To verify that our simulator functioned correctly, we used a few different testing techniques. Our first testing technique involved unit testing. For each sub-system of the cache (MESIF, pseudo LRU), we created a dummy main function that would test only it's own sub-module. Within the sub-modules, we wrote a battery of tests that would be called from the main function. The tests were designed to be as exhaustive as possible. For example, in the MESIF module, we went into every MESIF state and made sure that the correct transition happened when a trace operation occurred. To avoid having to check the output by hand, we used some extra debug variables and the assert library to make sure our output was correct for the given situation. If a test failed, the simulator would fail out and tell us the exact line that the failure occurred at.

Once all of the unit tests were passing for each sub-module, we hooked the trace decode logic up to the MESIF and pseudo LRU sub-modules. We then re-wrote all of the unit tests for each sub-module into separate trace files. By running through the units tests again in trace file form, we were able to identify bugs that were occurring in the decode logic, since the sub-modules themselves were proven correct in our previous tests.
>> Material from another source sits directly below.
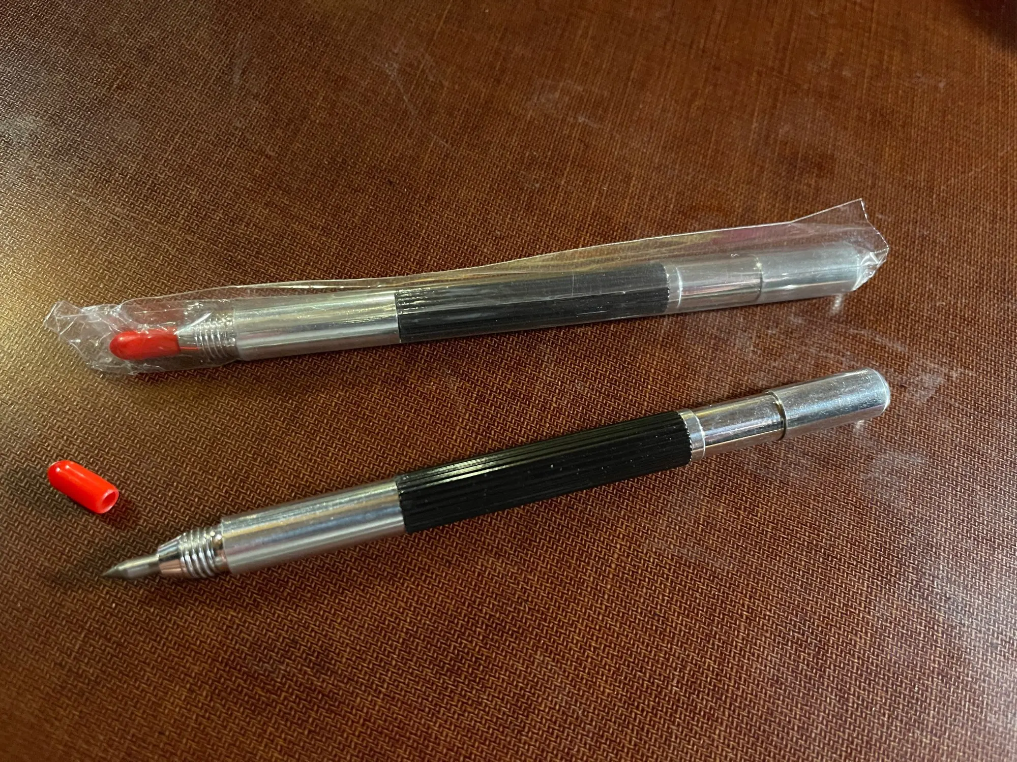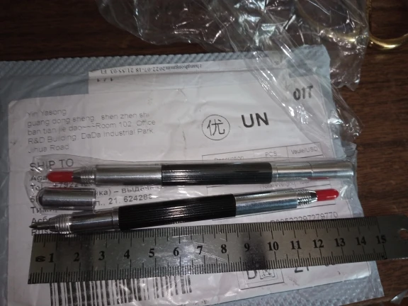 Легкие, двухсторонние, что тут еще добавить. Свою задачу выполняют, след в металле четкий. Жалко нет зажима для переноски в кармане, как у ручки, но это исправимо.

Once the unit tests in trace form were passing, we created some new trace tests. First, we wrote a test that would test to see if the cache properly handled reads/writes along with hits/misses. If the number of reads/write and hits/misses didn't match what we expected at the end of the trace, we knew that there was an error.

We wrote two tests for our posted write buffer. The first test evicts a non-dirty line, confirming that the write buffer does not receive the non-dirty line. Then a dirty line is evicted and the write buffer is printed, showing the dirty line in the buffer. We then do a read to the same address as the evicted line to make sure that the cache reads from the write buffer and not DRAM. Finally, 3 more reads to the same address occur and then a print to confirm that the write buffer writes the line back to DRAM after 5 trace operations. Our second test checks to see if the write buffer successfully removes a currently present line when a new dirty line is written to the same address. The combination of these two tests should check all of the corner cases of the write buffers behavior.